● **PROBLEM**: Would you print all of the entries exactly, please, but without their pictures?

● **PROVIDED RECORDS**:
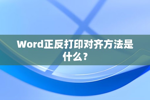 通过以上步骤和技巧,你可以在Word中实现正反打印的对齐,确保打印出的文档既美观又实用。
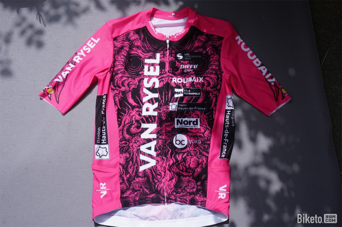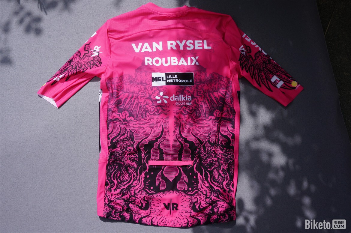 今年年初,迪卡侬赞助的洲际队Van Rysel Roubaix车队发布了今年新赛季装备,粉红色主色调的基础之上,设计了新的主题“地狱与天使”,是我个人觉得迪卡侬近几年设计的最好看的一套骑行服,没有之一。
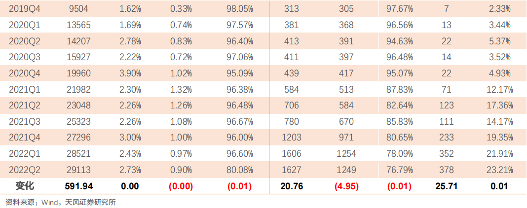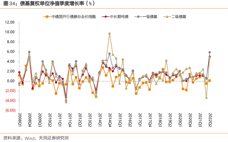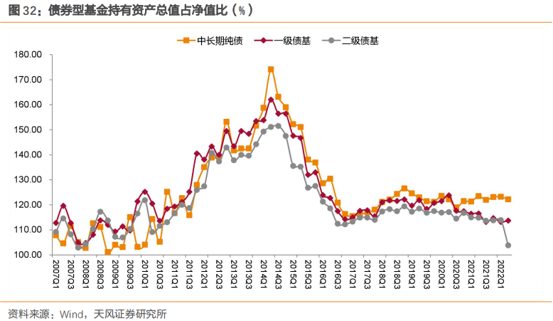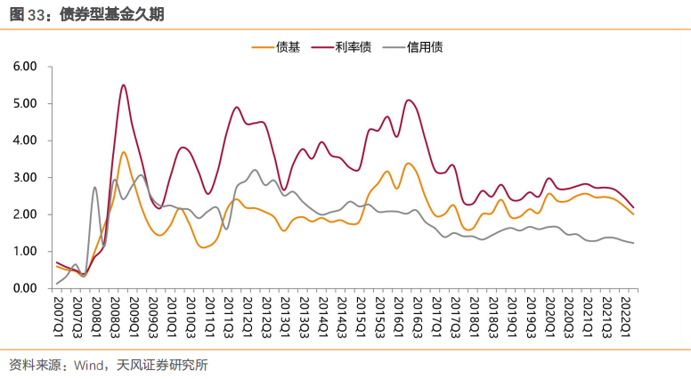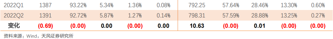 我们用债券型基金的重仓券来近似计算久期。截至2022年二季度末,债券型基金的久期为2.01,相比2022年一季度下行了0.22,其中,利率债(国债、地方政府债、政策银行债)加权久期下降0.28至2.19,信用债(短融、中票、公司债、企业债)加权久期下降0.06至1.23。
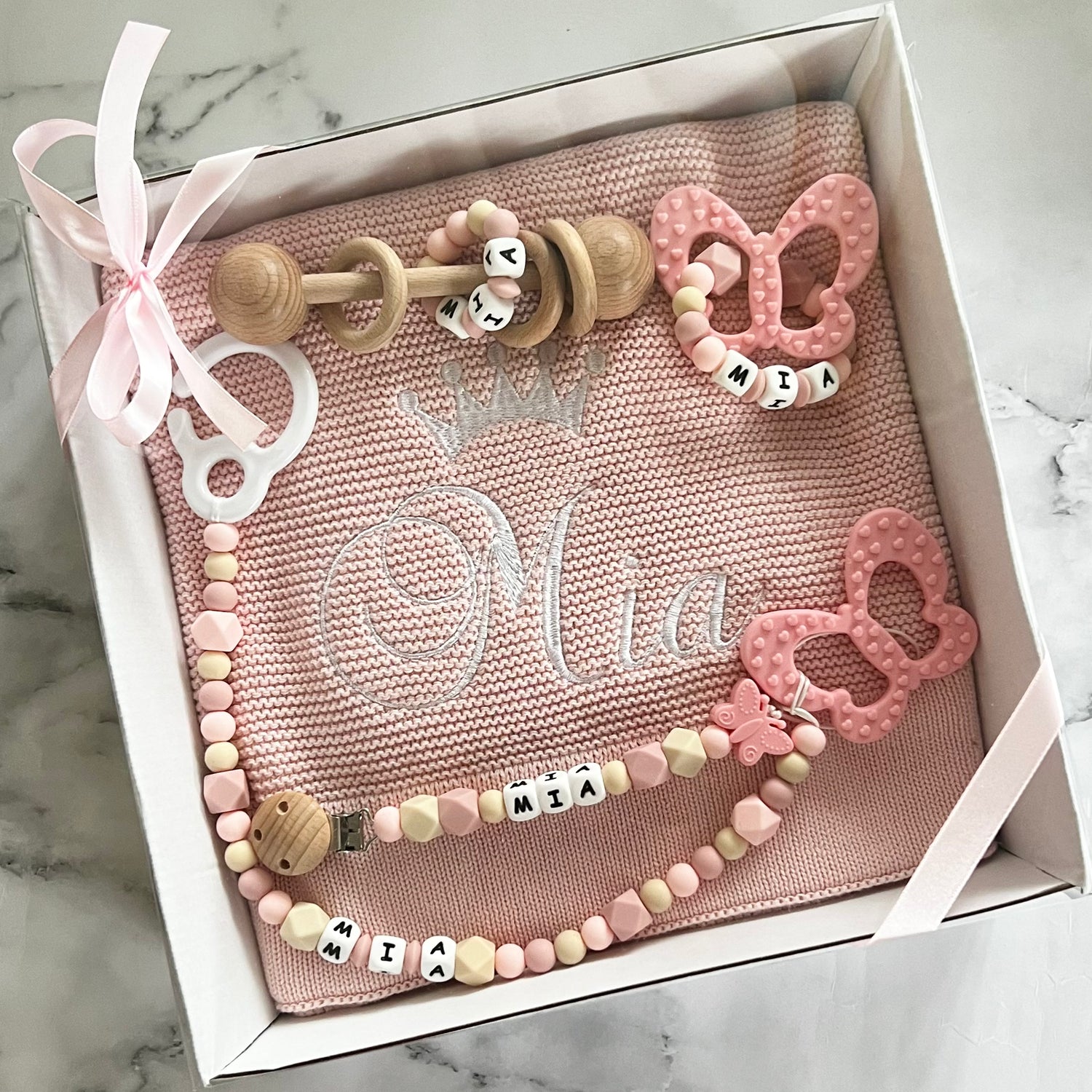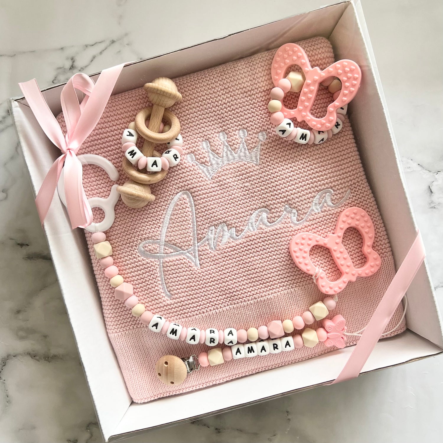 - 1x personalised teething ring
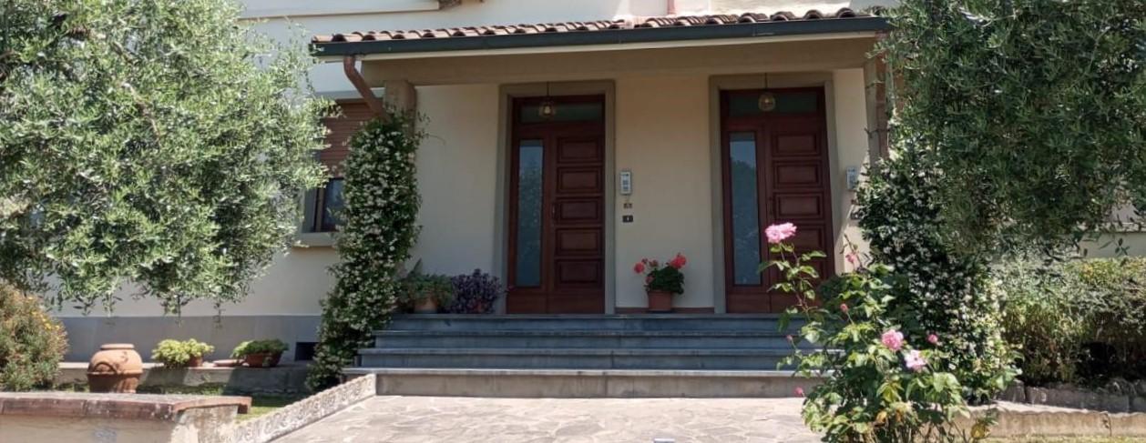 Porzione di casa bifamiliare con ampio giardino. L'abitazione, che occupa interamente il primo piano, ha un accesso indipendente dal piano terra rialzato. Una scala interna esclusiva porta al disimpegno centrale da cui si sviluppano i vari ambient...
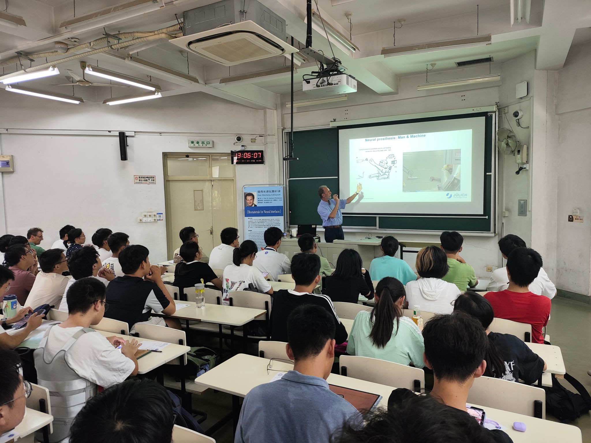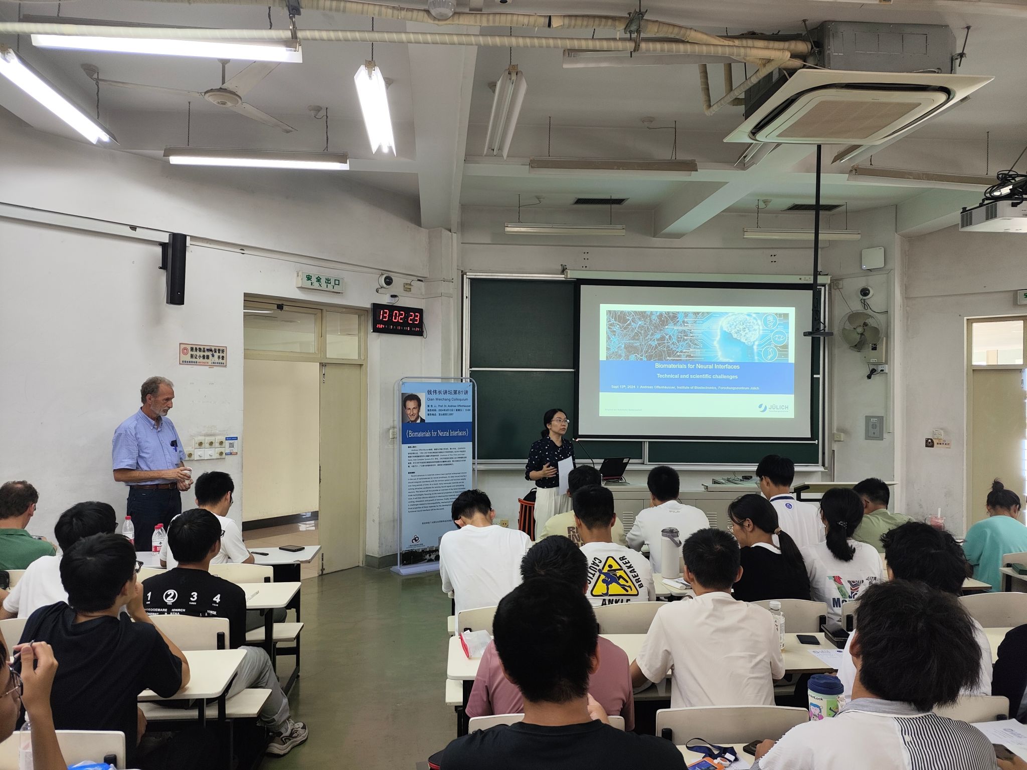 本次讲座中,Andreas Offenhäusser教授首先指出,材料科学的最新进展引发了人们对于纳米材料应用于神经假体的广泛兴趣。一个理想的神经接口应该与神经系统无缝衔接,并且具有耐久性。因而,许多纳米材料成为当下感测信号和刺激神经元的首选。教授还重点具体地分析了各类微器件材料的特性、功能和应用利弊,指出对生物材料信号交互性、生物相容性、机械稳定性等方面的要求,分类分析了不同种类的电活性材料及其微器件在记录、刺激和神经元生长方面的研究进展。并聚焦于电极植入体的异物反应问题,当下神经生物功能材料面临的技术难题和科技挑战,启发同学们在神经界面等相关领域开展思考与学习。
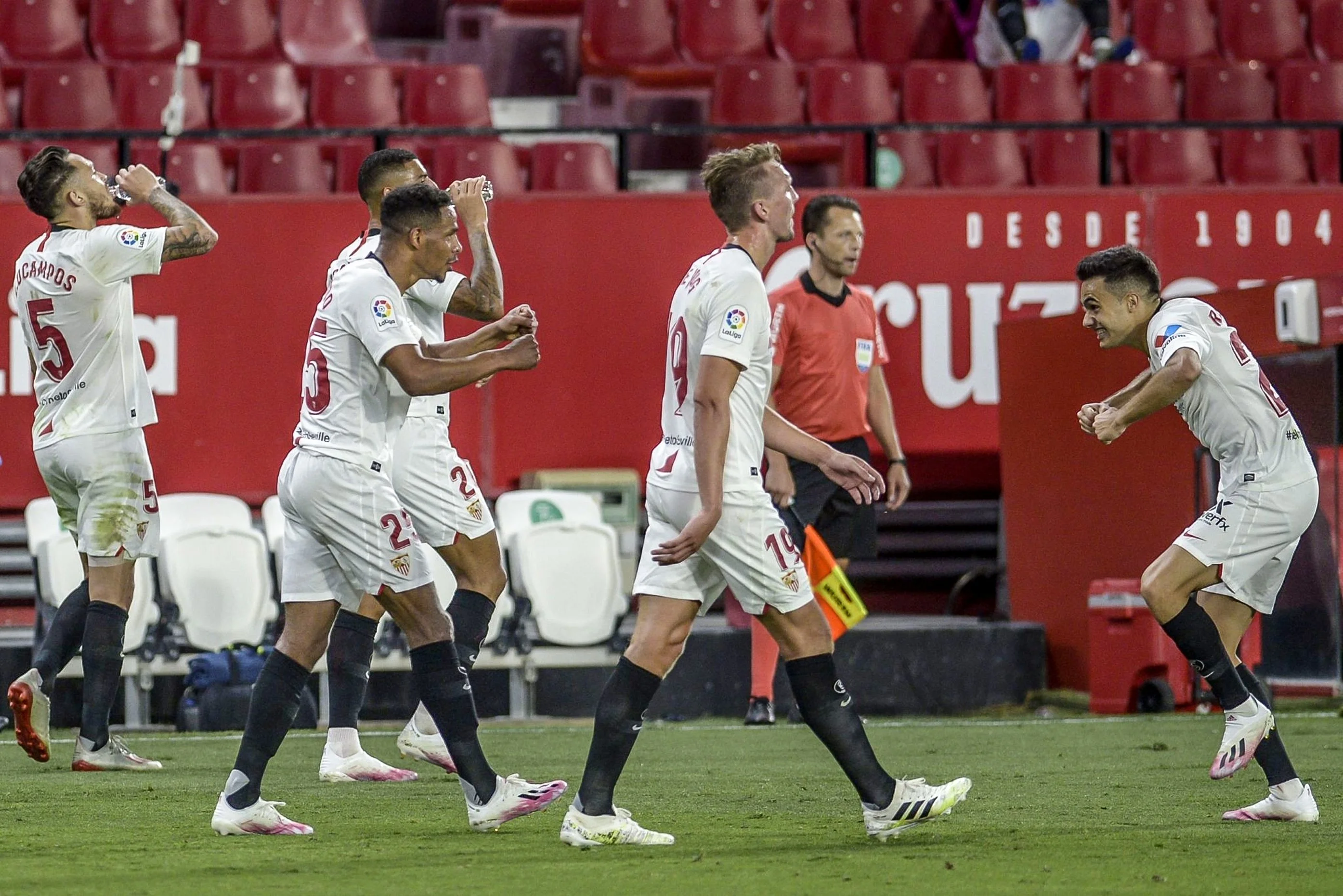 Відновлення чемпіонату Іспанії припало на андалусійське дербі, до якого як слід підготувалися працівники стадіону "Рамон Санчес Пісхуан" і телевізійники. Перші увімкнули на арені інтершум, а другі на нижньому ярусі намалювали відеоефект присутності глядачів. Вийшло незвично, але цікаво.
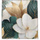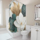 Große, weiße Blume mit goldenen Akzenten verbinden sich mit grünem und goldgelbem Blattwerk und schaffen ein schönes und elegantes Design an diesem Duschvorhang.
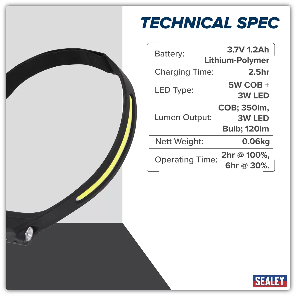 Sealey - HT104R - Rechargeable Head Torch with Auto-Sensor 5W COB & 3W LED
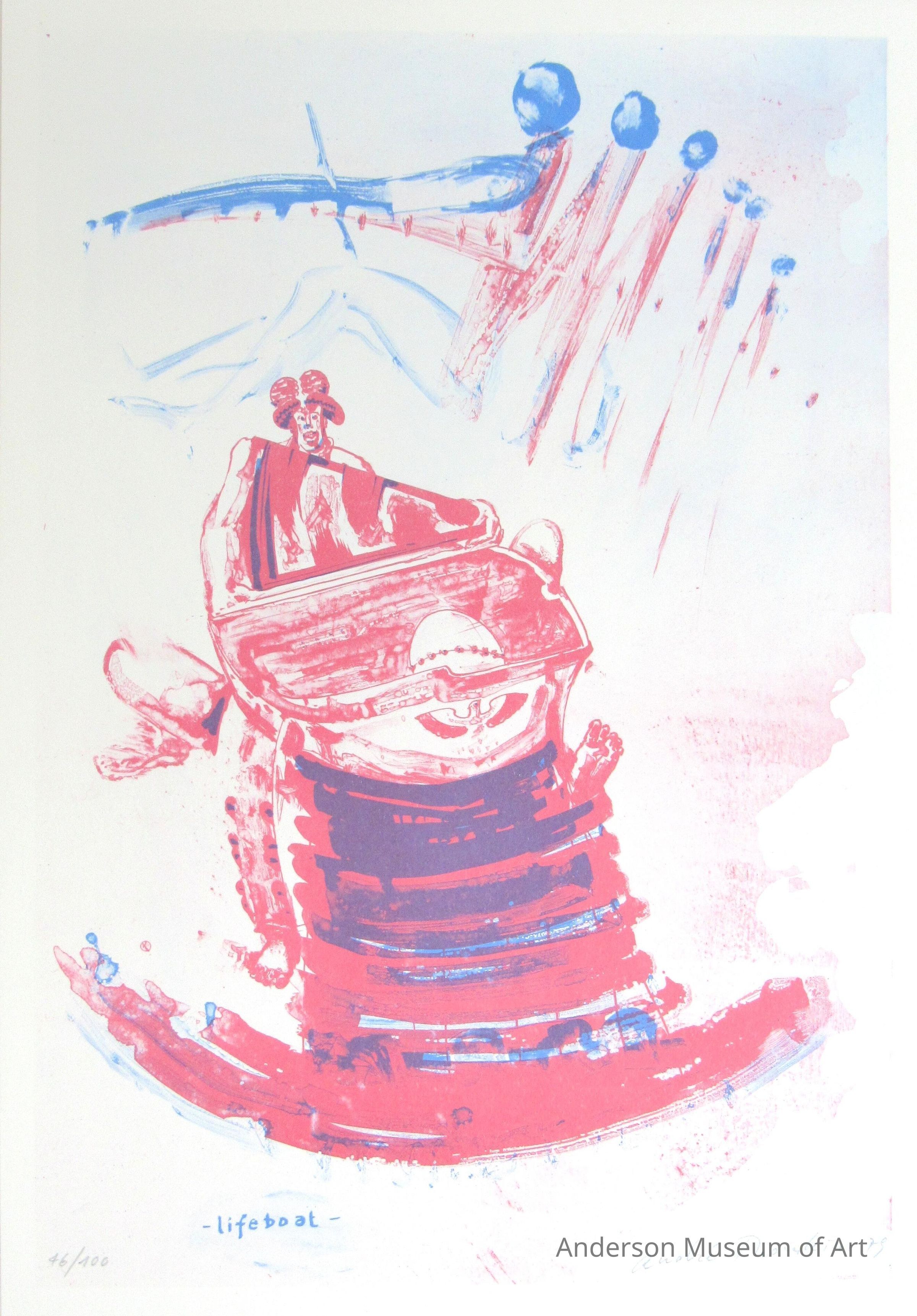 1985.2.2.3 - Abstract color print of a mostly red lifeboat with some blue lines. There is a figure with his head coming out the top. Above him in the sky are some blue circles and some red line brush strokes. "-lifeboat-" written in blue at the bottom. Print 46/100. Signed in pencil, BRC, "Andre Thomkins 79". Size: 19.562 x 13.75

● **TASK OUTPUT**:
 通过以上步骤和技巧,你可以在Word中实现正反打印的对齐,确保打印出的文档既美观又实用。
 今年年初,迪卡侬赞助的洲际队Van Rysel Roubaix车队发布了今年新赛季装备,粉红色主色调的基础之上,设计了新的主题“地狱与天使”,是我个人觉得迪卡侬近几年设计的最好看的一套骑行服,没有之一。
 我们用债券型基金的重仓券来近似计算久期。截至2022年二季度末,债券型基金的久期为2.01,相比2022年一季度下行了0.22,其中,利率债(国债、地方政府债、政策银行债)加权久期下降0.28至2.19,信用债(短融、中票、公司债、企业债)加权久期下降0.06至1.23。
 - 1x personalised teething ring
 Porzione di casa bifamiliare con ampio giardino. L'abitazione, che occupa interamente il primo piano, ha un accesso indipendente dal piano terra rialzato. Una scala interna esclusiva porta al disimpegno centrale da cui si sviluppano i vari ambient...
 本次讲座中,Andreas Offenhäusser教授首先指出,材料科学的最新进展引发了人们对于纳米材料应用于神经假体的广泛兴趣。一个理想的神经接口应该与神经系统无缝衔接,并且具有耐久性。因而,许多纳米材料成为当下感测信号和刺激神经元的首选。教授还重点具体地分析了各类微器件材料的特性、功能和应用利弊,指出对生物材料信号交互性、生物相容性、机械稳定性等方面的要求,分类分析了不同种类的电活性材料及其微器件在记录、刺激和神经元生长方面的研究进展。并聚焦于电极植入体的异物反应问题,当下神经生物功能材料面临的技术难题和科技挑战,启发同学们在神经界面等相关领域开展思考与学习。
 Відновлення чемпіонату Іспанії припало на андалусійське дербі, до якого як слід підготувалися працівники стадіону "Рамон Санчес Пісхуан" і телевізійники. Перші увімкнули на арені інтершум, а другі на нижньому ярусі намалювали відеоефект присутності глядачів. Вийшло незвично, але цікаво.
 Große, weiße Blume mit goldenen Akzenten verbinden sich mit grünem und goldgelbem Blattwerk und schaffen ein schönes und elegantes Design an diesem Duschvorhang.
 Sealey - HT104R - Rechargeable Head Torch with Auto-Sensor 5W COB & 3W LED
 1985.2.2.3 - Abstract color print of a mostly red lifeboat with some blue lines. There is a figure with his head coming out the top. Above him in the sky are some blue circles and some red line brush strokes. "-lifeboat-" written in blue at the bottom. Print 46/100. Signed in pencil, BRC, "Andre Thomkins 79". Size: 19.562 x 13.75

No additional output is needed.